This week’s dispatch comes courtesy of our roving editors and reporters at Milan Design Week. Alcova’s unconventional settings ensure that its exhibitions pop, Paris-based designer Franck Genser speaks about working with Louis Vuitton and a collaboration dawns between Japanese furniture brand Koyori and Belgian architect Vincent Van Duysen. Then: a calm and collected conclusion thanks to Casa Milana in Brera. Taking it from the top is Monocle’s design editor, Nic Monisse.


OPINION: Nic Monisse

Only collect

“It just makes sense,” Maria Porro told Monocle at the opening of Salone del Mobile yesterday. The president of the world’s biggest furniture fair was referencing a forthcoming talk by Pritzker Prize-winning architect Rem Koolhaas on contract furniture – the wares that furnish offices, hotels and developments of scale – alongside a new collectable-design exhibition: Salone Raritas. “At my family company Porro, we have both contract and limited-edition pieces, so it makes sense to have them both here.”

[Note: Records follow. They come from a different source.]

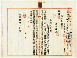 岡村正三郎恩給證書送付ノ件(嘉義廳)
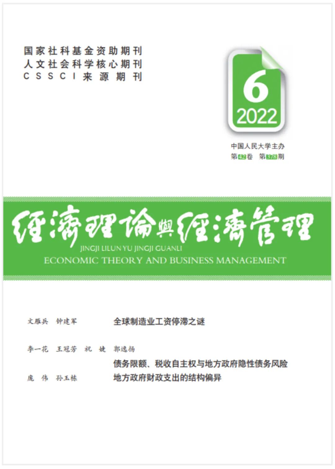 文雁兵教授和宁波大学商学院钟建军博士合作在《经济理论与经济管理》2022年第6期发表本期首篇文章《全球制造业工资停滞之谜》。
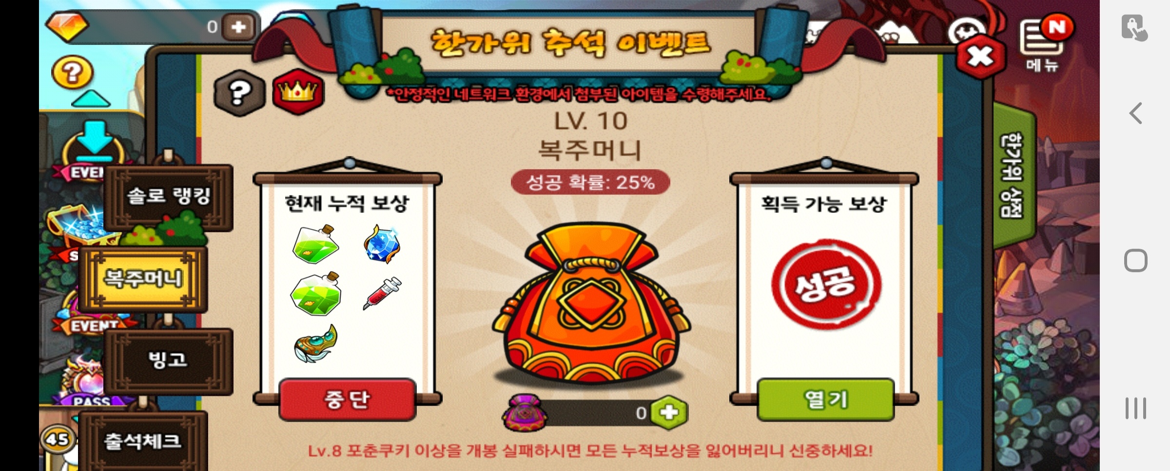 포춘쿠키는 8렙이상 개봉실패하면 사라지는데..
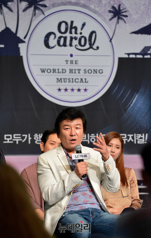 방송인 주병진이 9일 오후 노보텔 앰배서더 서울 강남에서 열린 뮤지컬 '오!캐롤(Oh! Carol)' 제작발표회에 참석해 질문에 답하고 있다. 주병진은 파라다이스 리조트 쇼의 유머러스한 MC 허비(HARVEY) 역을 맡았다.
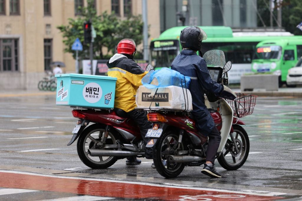 2일 오후 서울 종로구 광화문역 인근에서 배달 라이더들이 신호를 기다리고 있다. [이미지출처=연합뉴스]
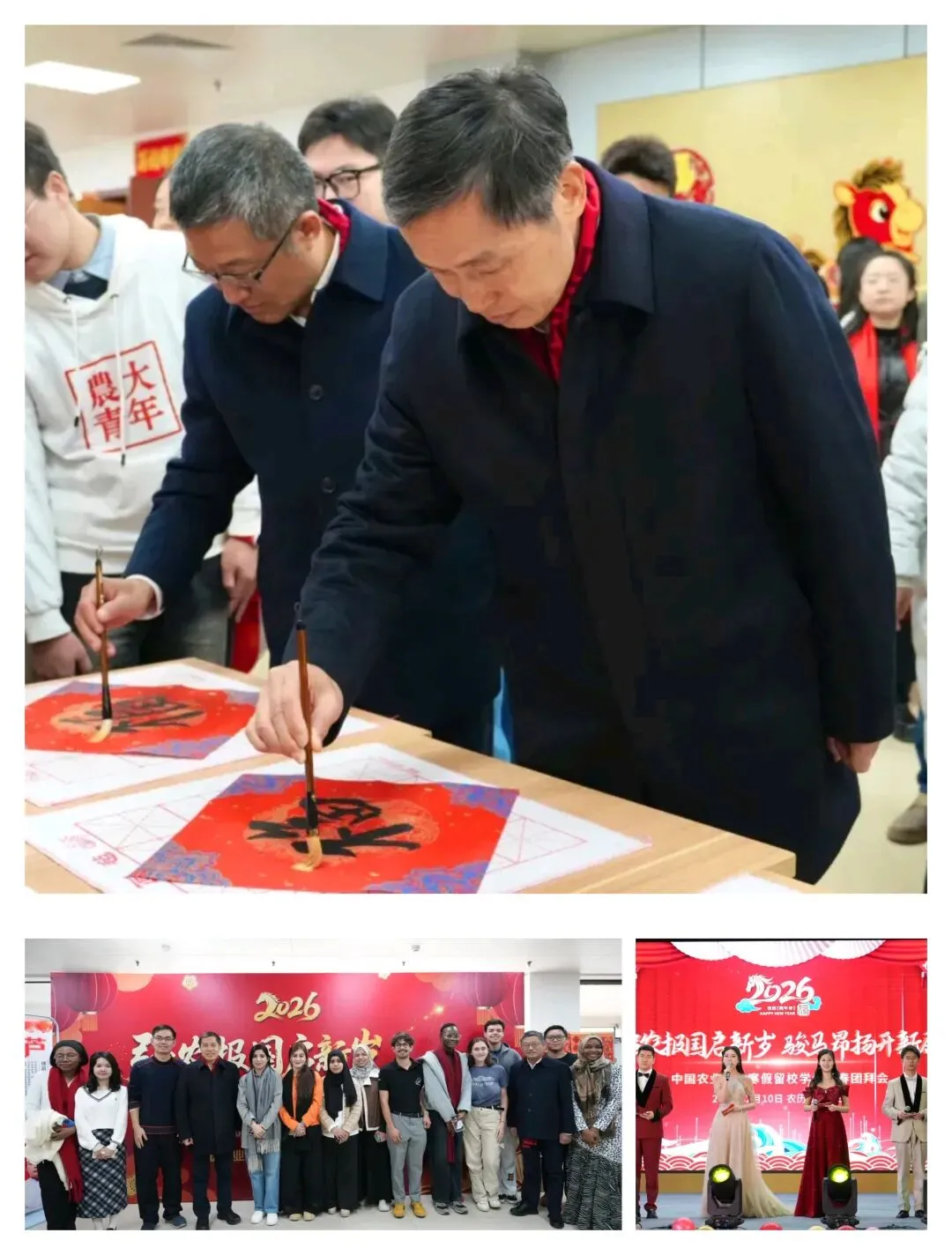 2月10日,中国农业大学2026年寒假留校学生新春团拜会欢乐举行。学校党委书记钟登华,校长陈卫,党委副书记、纪委书记、国家监委驻中国农业大学监察专员单际国,党委副书记杨志,副校长张永生等与寒假留校的师生们欢聚在东校区一号学生公寓三层招聘大厅,欢送巳蛇、喜迎午马。团拜会开始前,钟登华、陈卫共同写下福字送给全校师生,与留校学生们留下辞旧迎新的合影,与师生们一起包着幸福团圆的饺子,活动现场洋溢着欢声笑语和家的温暖。资料来源:中国农业大学

The representation of scale in the form of contract furniture, as well as the inclusion of Raritas, which sees antiques and one-off and limited edition pieces presented at the event for the first time, speaks to the nature of the industry right now. “Industrial design is mixing with antique and rare elements,” adds Annalisa Rosso, Porro’s colleague and curator of Salone Raritas. “Raritas is a response to this change that we are seeing everywhere.”

It’s a blurring of boundaries between mass manufacturing and craft. Industrially produced furniture remains essential: furniture for offices, hotels, hospitals, schools and homes across the globe can only be delivered at this volume and price point. But blue-chip auction houses, including Sotheby’s, and fairs, such as Design Miami, have elevated collectable furniture to the status of fine art. Savvy investors are turning to it as a tangible, appreciating asset capable of outpacing more traditional markets. Sales grew by 20.4 per cent in the first half of last year alone. It’s only natural that Salone responded.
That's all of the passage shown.